YOUR ASSIGNMENT: Give the entries again exactly; drop the pictures.

Saved entries:
○ ○ ○ ○ ○
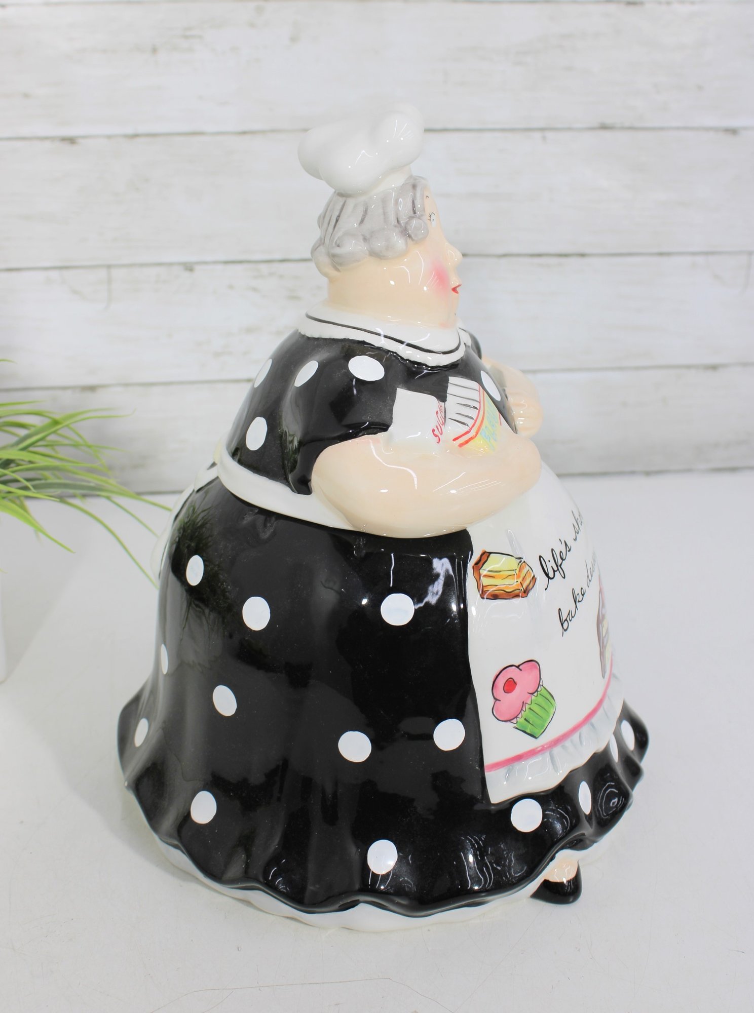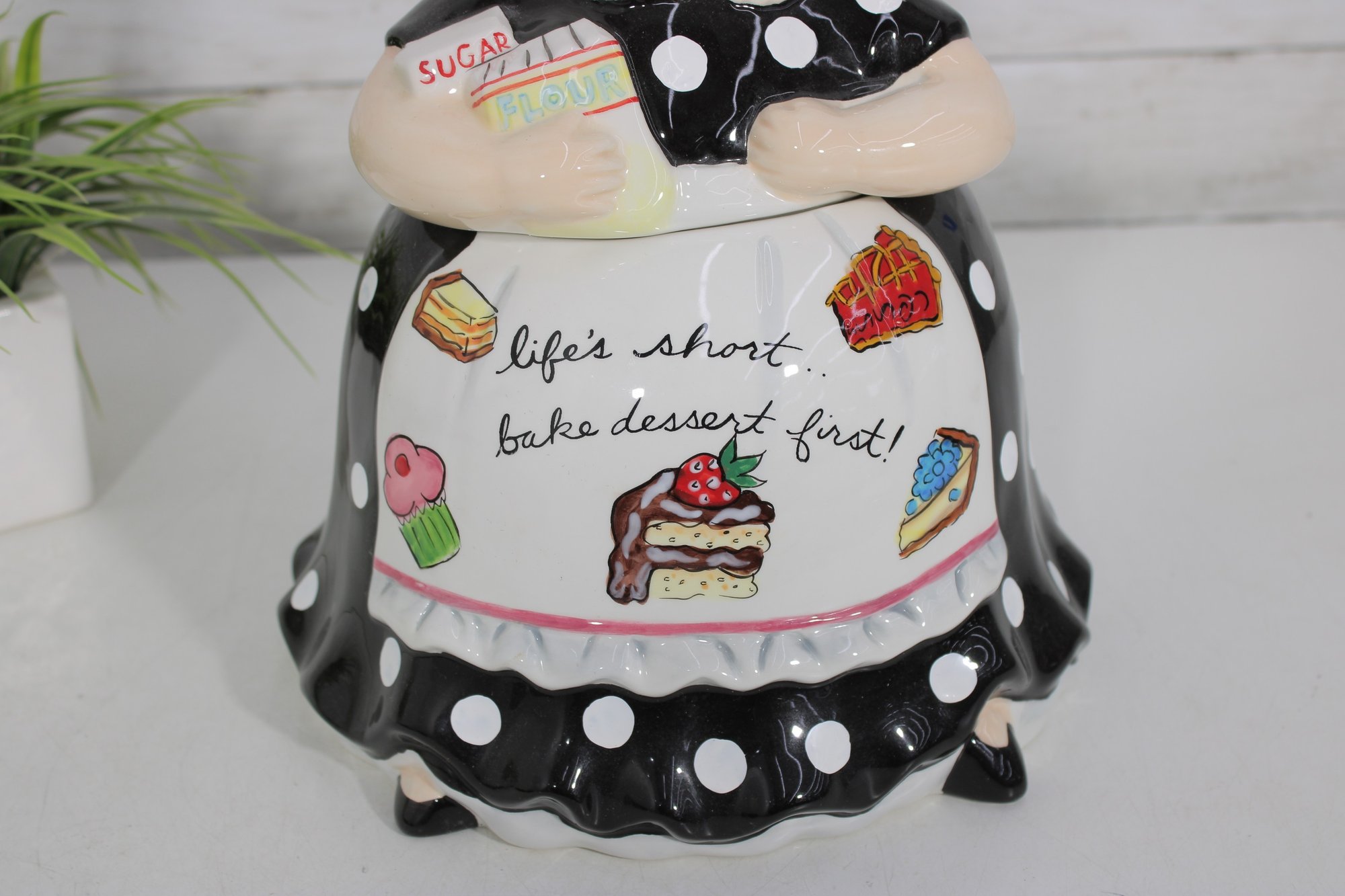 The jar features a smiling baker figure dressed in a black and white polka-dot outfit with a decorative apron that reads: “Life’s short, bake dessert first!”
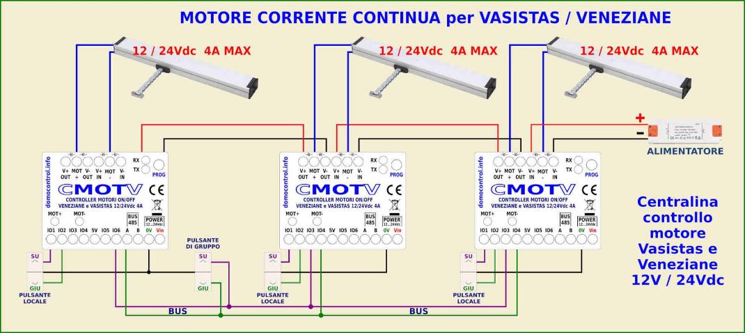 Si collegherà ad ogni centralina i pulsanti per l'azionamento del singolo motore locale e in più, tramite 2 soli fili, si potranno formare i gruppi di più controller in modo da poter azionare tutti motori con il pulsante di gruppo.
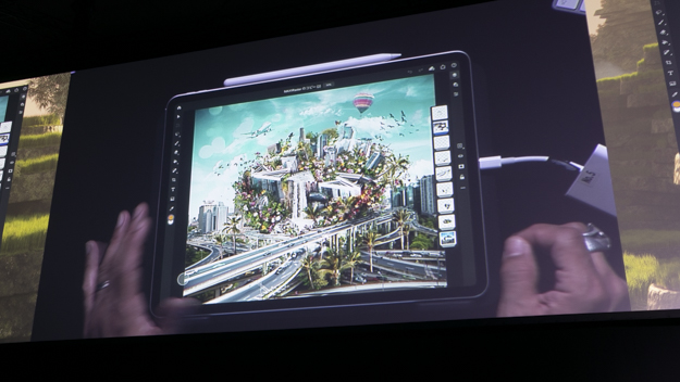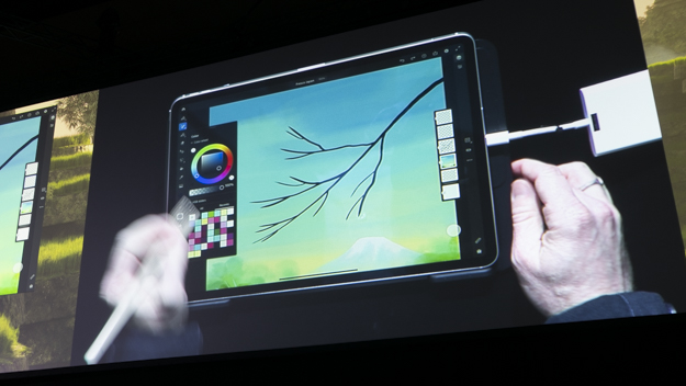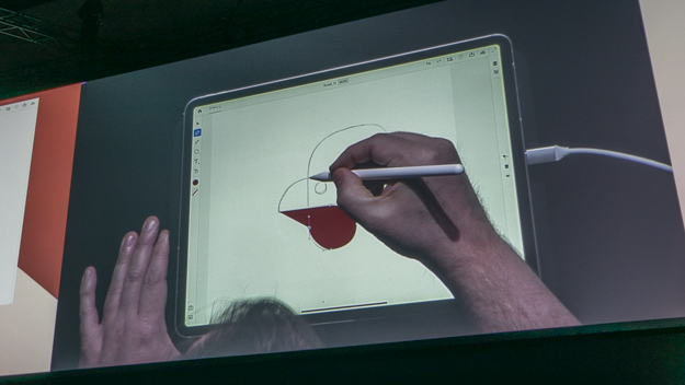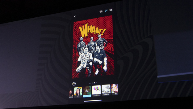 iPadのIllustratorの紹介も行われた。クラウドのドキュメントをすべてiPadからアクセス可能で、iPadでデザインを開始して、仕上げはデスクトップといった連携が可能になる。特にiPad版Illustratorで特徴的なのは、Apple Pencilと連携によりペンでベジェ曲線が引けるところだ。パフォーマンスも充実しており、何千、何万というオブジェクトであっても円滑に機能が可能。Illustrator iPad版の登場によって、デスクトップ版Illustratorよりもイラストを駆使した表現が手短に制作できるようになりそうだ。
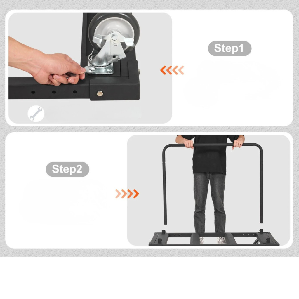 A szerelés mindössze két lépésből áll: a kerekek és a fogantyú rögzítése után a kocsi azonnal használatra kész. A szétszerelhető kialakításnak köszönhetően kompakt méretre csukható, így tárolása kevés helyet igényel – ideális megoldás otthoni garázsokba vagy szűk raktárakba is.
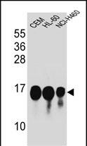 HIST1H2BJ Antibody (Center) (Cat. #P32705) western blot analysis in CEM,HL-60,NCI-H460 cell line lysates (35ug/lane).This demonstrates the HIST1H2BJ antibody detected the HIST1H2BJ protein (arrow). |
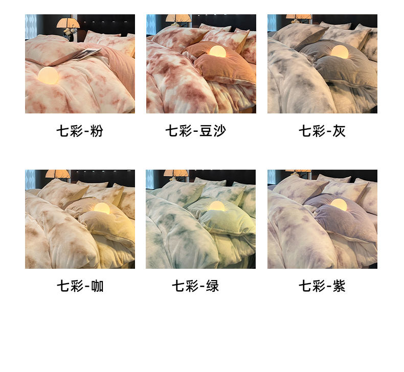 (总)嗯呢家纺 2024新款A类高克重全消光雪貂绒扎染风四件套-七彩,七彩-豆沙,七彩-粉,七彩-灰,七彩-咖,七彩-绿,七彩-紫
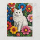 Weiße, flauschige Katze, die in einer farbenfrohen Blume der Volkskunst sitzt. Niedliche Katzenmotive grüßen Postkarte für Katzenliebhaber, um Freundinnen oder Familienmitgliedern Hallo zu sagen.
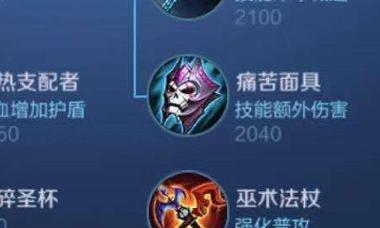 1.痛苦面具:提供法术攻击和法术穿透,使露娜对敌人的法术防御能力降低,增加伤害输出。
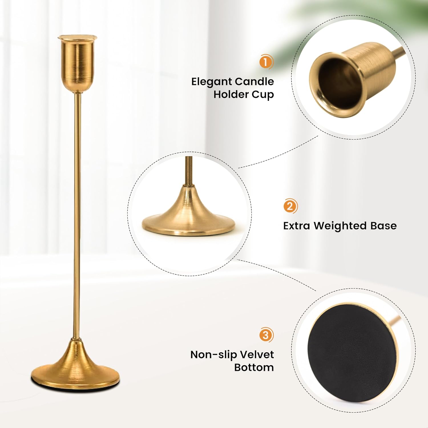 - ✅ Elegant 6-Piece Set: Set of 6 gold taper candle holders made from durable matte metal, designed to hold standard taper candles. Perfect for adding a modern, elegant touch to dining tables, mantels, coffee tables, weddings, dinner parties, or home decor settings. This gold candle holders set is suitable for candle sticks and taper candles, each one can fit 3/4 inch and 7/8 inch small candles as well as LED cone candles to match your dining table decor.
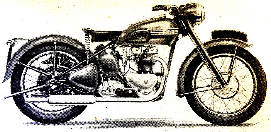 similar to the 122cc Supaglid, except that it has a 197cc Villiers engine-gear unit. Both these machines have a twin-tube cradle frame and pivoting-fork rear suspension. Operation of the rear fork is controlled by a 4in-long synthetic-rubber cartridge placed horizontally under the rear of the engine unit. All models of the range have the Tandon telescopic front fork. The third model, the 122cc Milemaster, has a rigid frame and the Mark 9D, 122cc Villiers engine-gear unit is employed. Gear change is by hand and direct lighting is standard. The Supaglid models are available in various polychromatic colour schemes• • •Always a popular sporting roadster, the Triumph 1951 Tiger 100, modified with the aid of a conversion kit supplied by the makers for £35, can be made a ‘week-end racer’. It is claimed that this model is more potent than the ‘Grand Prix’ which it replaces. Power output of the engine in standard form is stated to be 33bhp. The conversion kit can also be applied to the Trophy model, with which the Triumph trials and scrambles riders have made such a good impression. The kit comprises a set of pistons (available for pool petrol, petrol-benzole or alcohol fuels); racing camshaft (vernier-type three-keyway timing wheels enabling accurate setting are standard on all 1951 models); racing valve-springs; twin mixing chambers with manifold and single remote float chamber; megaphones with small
○ ○ ○ ○ ○
SOLUTION FOR THIS EXERCISE:
 The jar features a smiling baker figure dressed in a black and white polka-dot outfit with a decorative apron that reads: “Life’s short, bake dessert first!”
 Si collegherà ad ogni centralina i pulsanti per l'azionamento del singolo motore locale e in più, tramite 2 soli fili, si potranno formare i gruppi di più controller in modo da poter azionare tutti motori con il pulsante di gruppo.
 iPadのIllustratorの紹介も行われた。クラウドのドキュメントをすべてiPadからアクセス可能で、iPadでデザインを開始して、仕上げはデスクトップといった連携が可能になる。特にiPad版Illustratorで特徴的なのは、Apple Pencilと連携によりペンでベジェ曲線が引けるところだ。パフォーマンスも充実しており、何千、何万というオブジェクトであっても円滑に機能が可能。Illustrator iPad版の登場によって、デスクトップ版Illustratorよりもイラストを駆使した表現が手短に制作できるようになりそうだ。
 A szerelés mindössze két lépésből áll: a kerekek és a fogantyú rögzítése után a kocsi azonnal használatra kész. A szétszerelhető kialakításnak köszönhetően kompakt méretre csukható, így tárolása kevés helyet igényel – ideális megoldás otthoni garázsokba vagy szűk raktárakba is.
 HIST1H2BJ Antibody (Center) (Cat. #P32705) western blot analysis in CEM,HL-60,NCI-H460 cell line lysates (35ug/lane).This demonstrates the HIST1H2BJ antibody detected the HIST1H2BJ protein (arrow). |
 (总)嗯呢家纺 2024新款A类高克重全消光雪貂绒扎染风四件套-七彩,七彩-豆沙,七彩-粉,七彩-灰,七彩-咖,七彩-绿,七彩-紫
 Weiße, flauschige Katze, die in einer farbenfrohen Blume der Volkskunst sitzt. Niedliche Katzenmotive grüßen Postkarte für Katzenliebhaber, um Freundinnen oder Familienmitgliedern Hallo zu sagen.
 1.痛苦面具:提供法术攻击和法术穿透,使露娜对敌人的法术防御能力降低,增加伤害输出。
 - ✅ Elegant 6-Piece Set: Set of 6 gold taper candle holders made from durable matte metal, designed to hold standard taper candles. Perfect for adding a modern, elegant touch to dining tables, mantels, coffee tables, weddings, dinner parties, or home decor settings. This gold candle holders set is suitable for candle sticks and taper candles, each one can fit 3/4 inch and 7/8 inch small candles as well as LED cone candles to match your dining table decor.
 similar to the 122cc Supaglid, except that it has a 197cc Villiers engine-gear unit. Both these machines have a twin-tube cradle frame and pivoting-fork rear suspension. Operation of the rear fork is controlled by a 4in-long synthetic-rubber cartridge placed horizontally under the rear of the engine unit. All models of the range have the Tandon telescopic front fork. The third model, the 122cc Milemaster, has a rigid frame and the Mark 9D, 122cc Villiers engine-gear unit is employed. Gear change is by hand and direct lighting is standard. The Supaglid models are available in various polychromatic colour schemes• • •Always a popular sporting roadster, the Triumph 1951 Tiger 100, modified with the aid of a conversion kit supplied by the makers for £35, can be made a ‘week-end racer’. It is claimed that this model is more potent than the ‘Grand Prix’ which it replaces. Power output of the engine in standard form is stated to be 33bhp. The conversion kit can also be applied to the Trophy model, with which the Triumph trials and scrambles riders have made such a good impression. The kit comprises a set of pistons (available for pool petrol, petrol-benzole or alcohol fuels); racing camshaft (vernier-type three-keyway timing wheels enabling accurate setting are standard on all 1951 models); racing valve-springs; twin mixing chambers with manifold and single remote float chamber; megaphones with small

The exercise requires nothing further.